Serving Arizona State University Online Since 1995  Current Issue: Thursday, October 26, 2006





Local Limelight: Riding the greasemobile

Piebald's unconventional wheels reflect their style

 by Si Robins
 published on Thursday, October 26, 2006

Instead of being half-baked, you could say this musical foursome is fried. Piebald tours the  country in a vegetable oil-powered van, saving the environment from  pollution and unwanted grease/issues/arts/698480
Courtesy of Piebald
Instead of being half-baked, you could say this musical foursome is fried. Piebald tours the country in a vegetable oil-powered van, saving the environment from pollution and unwanted grease


If you were heading down Interstate-75 toward Jacksonville, Fla., last Thursday afternoon, you may have smelled french fries.

Chances are you were behind Piebald's veggie van as they made their way down the coast.

The members of this Andover, Mass., indie rock foursome converted their camper to run on vegetable oil to help the environment - even if they all end up smelling like greasy fast food.

Singer/guitarist Travis Shettel says it isn't so bad. "We have a big tank in the back of the van and we just throw the grease and waste oil in there and we're good to go," he says.

After converting the van to a vegetable oil calibration, the driver simply flips a switch and the group is set. The result is optimal for a band on a tight budget - the fuel is free because they take used oil. And it doesn't hurt that they produce no gasoline pollution from all those miles logged.

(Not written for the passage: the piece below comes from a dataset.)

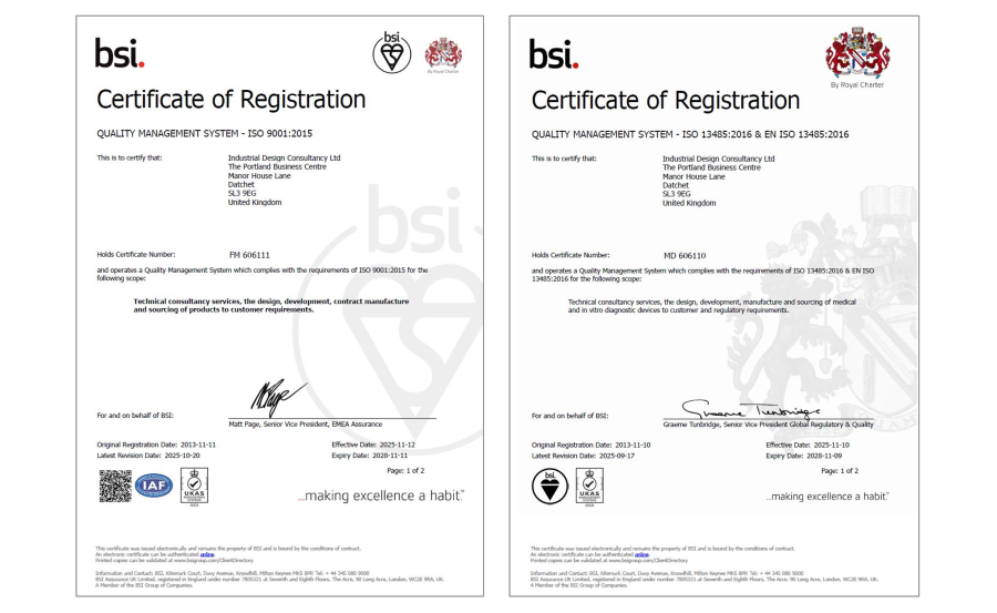 具备ISO9001及ISO13485质量体系资质,英国IDC以超过50年的产品创新丰富经验,及高达91%的设计成功转化为产品投入市场,保证我们的设计质量。

Instead of planning which places to snag oil in each city, the band just wings it.

"We don't head to the grocery store, because that means paying money," Shettel says. "McDonalds is difficult too, because they usually use their grease to the point of it being more like Crisco - so full of animal fat that it's not really vegetable oil."

So the search is on every day in a different town to find reputable spots to snag some oil. "Usually the best places are Asian restaurants," Shettel says. "Japanese cuisine and sushi typically produce the cleanest oil.

"I've heard of people using Kentucky Fried Chicken, but that sounds crazy. I can't believe they'd find clean KFC grease."

The boys in Piebald - Shettel, guitarist Aaron Stuart, bassist Andrew Bonner and drummer Luke Garro - have been churning out their blend of clever, in-your-face rock since their high school days in 1995.

It seems vegetable oil has become a lucrative product for the Piebald boys. But it isn't too difficult to find. "We just roll up [to the restaurant] and ask for grease," says Shettel. "Sometimes we just take it from the oil trap in the back of the place."

Although it might seem criminal to steal another's grease, Shettel is certain he isn't breaking any laws. "These places actually pay you to take it away," he says. "We've never had a problem finding the grease."

The money saved on gas helps the band spend more time on the road. Instead of the typical Ford van, Piebald is able to cruise the highways in a spacious camper.

"The new veggie van is more like a home," Shettel says. "We built some real cool stuff in it to keep us busy on the road. There's much more room than in a regular van."

Piebald is currently crisscrossing the country on a sold-out tour with L.A. scenesters Say Anything. They are supporting their new record, "Accidental Gentlemen," to be released January 22.

"This record is like a punch in the face," Shettel says of "Gentlemen." "It's a rocker; it's fun and completely spontaneous."

The veggie van will roll in to Tempe on Monday. If you work at a Japanese restaurant, be on the lookout.


Accidental Gentlemen

Release: Jan. 22, 2007

Piebald has always been a quirky exception to the indie-rock scene. While most singers take a literal, serious approach to their lyrics, Piebald crooner Travis Shettel has always taken the tongue-in-cheek route. The band's latest CD is no exception. His uninhibited attitude and clever observations about life and boredom pour out song to song. Ditties such as "Getting Mugged and Loving It" are fun, bratty rock tunes that prove the band is in no hurry to grow up.

If you go...

Piebald with Say Anything at the Clubhouse

Monday, Oct. 30, 6 p.m.

1320 E. Broadway Road

$12 in advance, $14 day of show. All ages.